Purpose: To determine which corneal curvature values most closely correlate to change in manifest refraction after excimer laser photorefractive keratectomy.
Methods: In a prospective study at the Cullen Eye Institute, excimer laser photorefractive keratectomy was performed on 27 eyes of 27 patients (mean age, 38.07+/-6.65 years). Preoperative refractive errors ranged from -2.25 diopters to -8.75 diopters (mean, -5.74+/-2.09 diopters). Preoperatively and 1 month postoperatively, we determined the spherical equivalent of the subjective manifest refraction (corrected for a 12-mm vertex distance) and measured corneal power using standard keratometry (Bausch & Lomb Keratometer; Rochester, New York) and computerized videokeratography (EyeSys Corneal Analysis System; Premier Laser Systems Inc, Houston, Texas). We collected 15 corneal values: standard keratometry and 14 computerized videokeratography values calculated using the axial, instantaneous, and refractive formulas. All calculations were performed with 1.3375 and 1.376 for the refractive index of the cornea. For each of the corneal values, we subtracted the change in corneal power from the change in manifest refraction and calculated for this difference the means, SDs, correlations, and regressions.
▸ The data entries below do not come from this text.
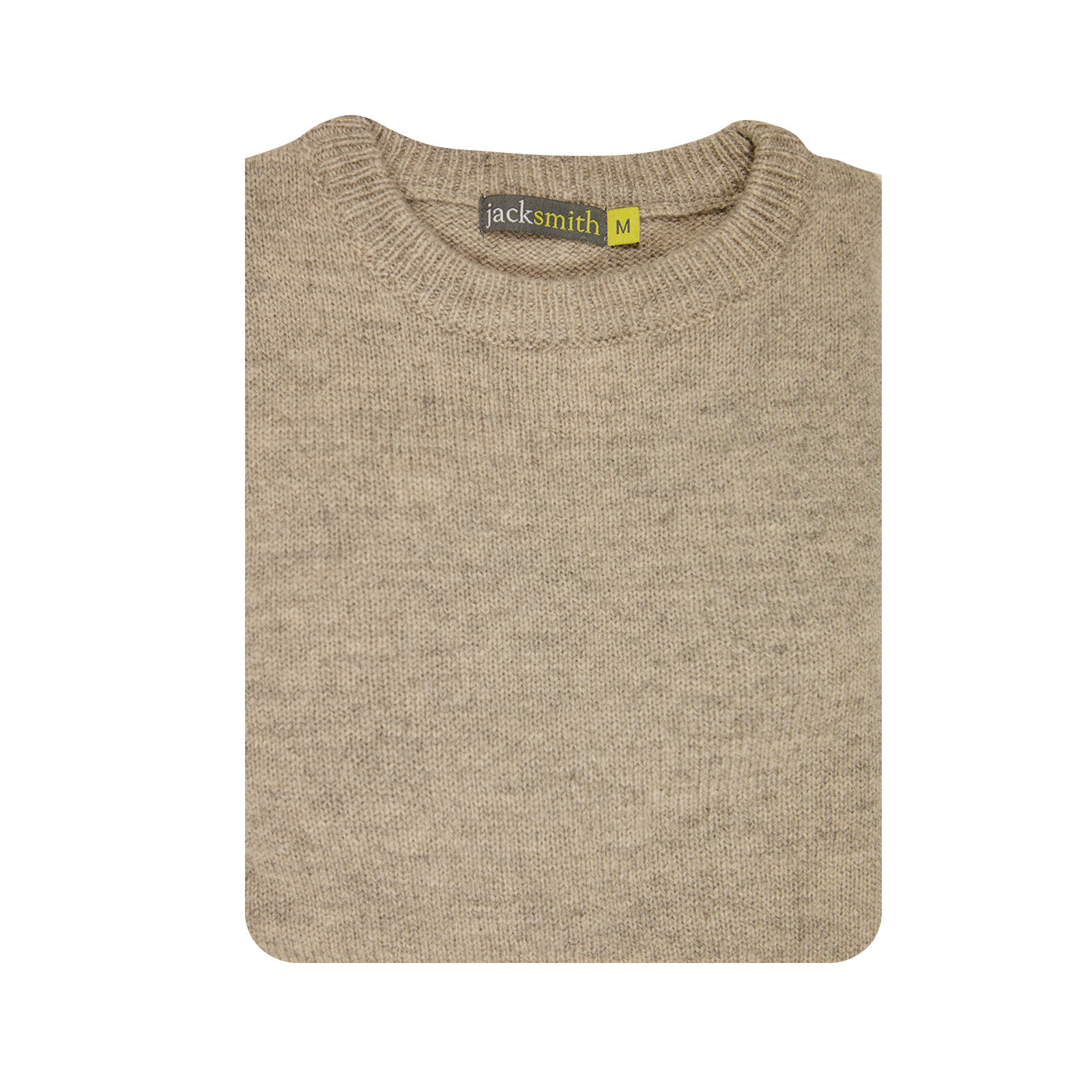 100% SHETLAND RAGG WOOL CREW Round Neck Knit JUMPER Pullover Mens Sweater Knitted – Beige – 4XL
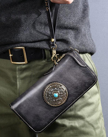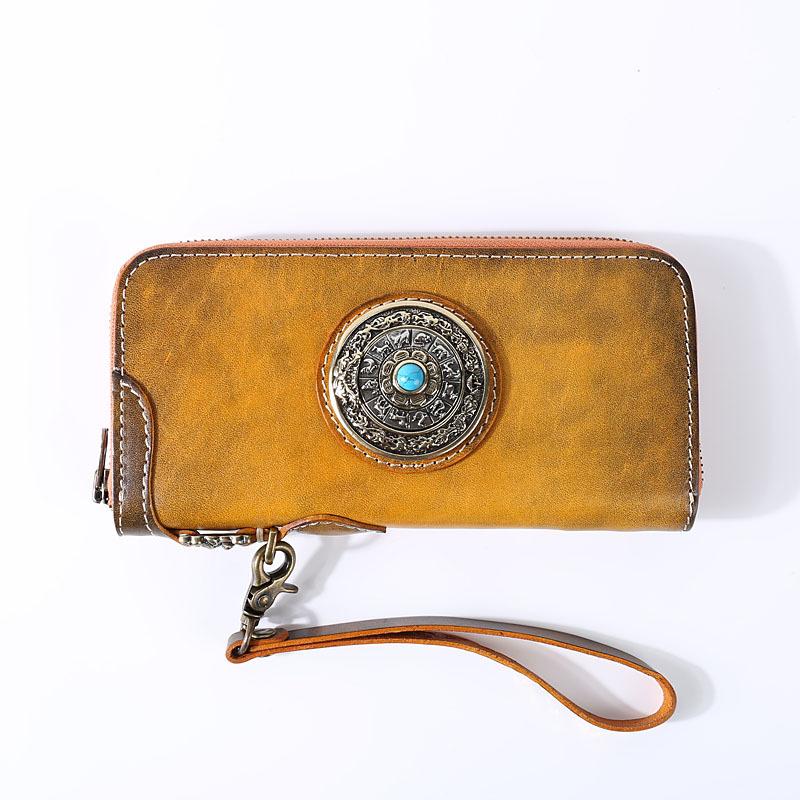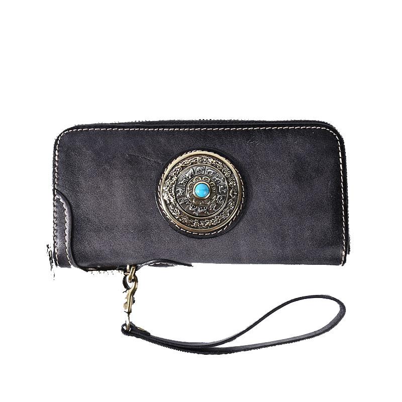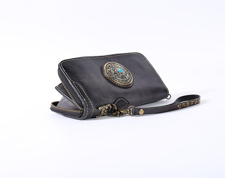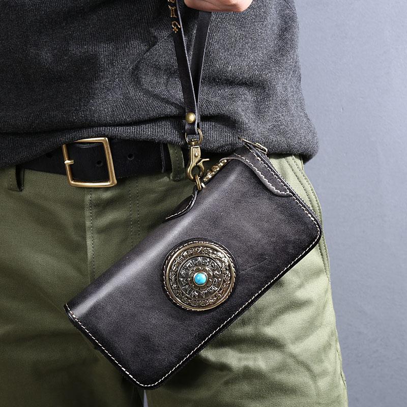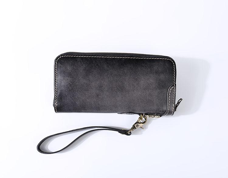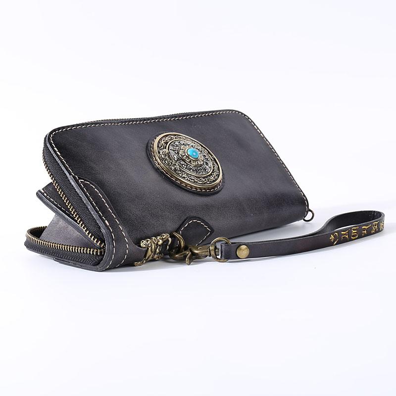 Design: Original Style Genuine Leather Mens Long Leather Phone Wallet Zipper Clutch Wallet for Men
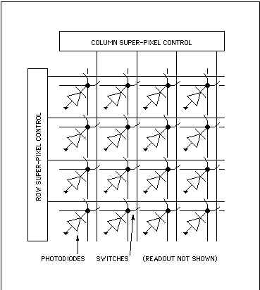 Two switches per sensor diode are needed. If every row and column switch is open, none of the diodes are connected, and the entire array operates at full resolution (4x4 in figure 8). If every other row and column switch is closed, then 2x2 super-pixels are created that average the light gathered among 4 pixels at a time, and the resolution of the array is reduced by a factor of two in both x and y (yeilding a 2x2 array seen in figure 8). Thus, the array can be configured for almost any resolution.
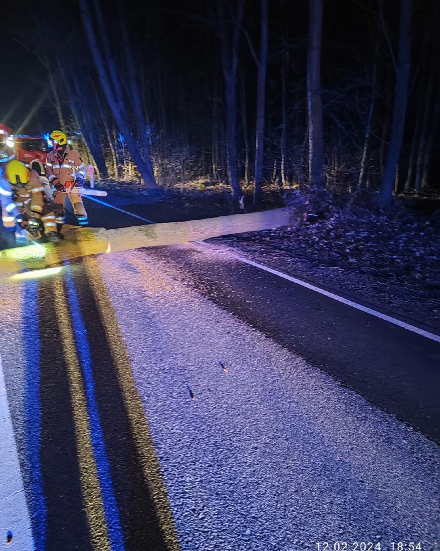 Zgłoszenie do dyżurnego Komendy Powiatowej Państwowej Straży Pożarnej w Kędzierzynie-Koźlu wpłynęło w poniedziałek, 12 lutego około godziny 18.30. Drzewo upadło w poprzek jezdni blokując oba pasy. Na miejsce zadysponowano zastępy z Jednostki Ratowniczo-Gaśniczej nr 2 oraz OSP Polska Cerekiew. Działania strażaków polegały na zabezpieczeniu miejsca zdarzenia, usunięciu zalegającego drzewa i przywróceniu jezdni do stanu używalności.
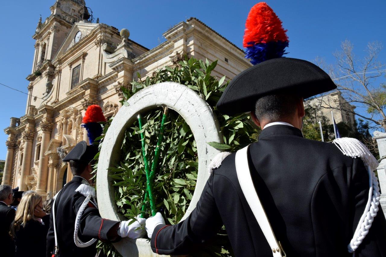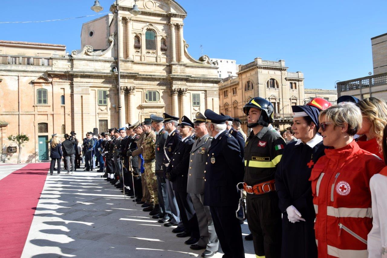Agli onori militari resi ai Caduti dal picchetto interforze, costituito da uno schieramento dei reparti appartenenti ai Corpi Armati della provincia, affiancato dal Corpo Forestale e da una rappresentanza in uniforme composta da personale del Corpo militare, delle Infermiere Volontarie e dei Volontari del Soccorso della Croce Rossa Italiana, dai Vigili del Fuoco, dalla Polizia Provinciale e dalla Polizia Municipale di Ragusa, dai Gonfaloni di alcuni Comuni della provincia e dai Labari delle Associazioni Combattentistiche e d’Arma, è seguita la cerimonia dell’alzabandiera.
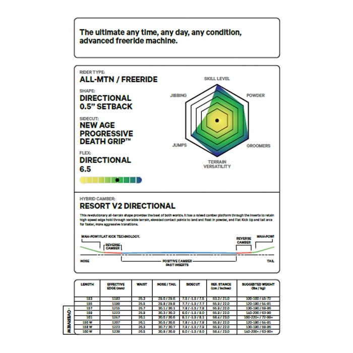 フリーラン、カービングはもちろんパウダーや地形遊びなどのフリースタイルまでオールジャンルを快適にこなします。
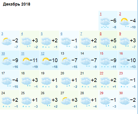 По данным Gismeteo, первые два дня декабря будут морозными, до -4...-6 днем. Затем потеплеет до +2..+5, возможен дождь с мокрым снегом. С 10 по 16 января вновь похолодает: -7...-11 днем. Временами будет идти снег. После морозного периода и до конца месяца дневная температура составит +1...+2, возможен мокрый снег.
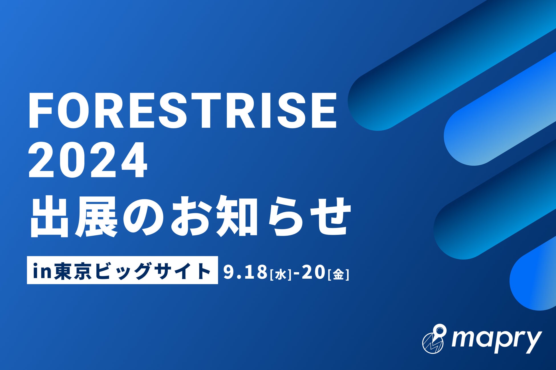 地理空間情報アプリプラットフォームサービス「mapry」を提供する株式会社マプリィ(本社:兵庫県丹波市、代表取締役:山口圭司、以下マプリィ)は、第4回次世代森林産業展「FORESTRISE2024」(2024年 9月 18日(水)~20日(金)、会場:東京ビッグサイト東1ホール)に出展します。

Results: Mean differences between change in refraction and change in corneal power were lower when for a refractive index of 1.376 than for 1.3375, were lowest for the most central measurement points, and displayed a high SD. A value of 1.408 for the refractive index would be required to optimize the correlation between change in manifest refraction and effective refractive power of the central 3 mm of the cornea.
Conclusions: For individual patients who have undergone photorefractive keratectomy, changes in corneal values determined by computerized videokeratography or by standard keratometry do not reliably predict change in manifest refraction.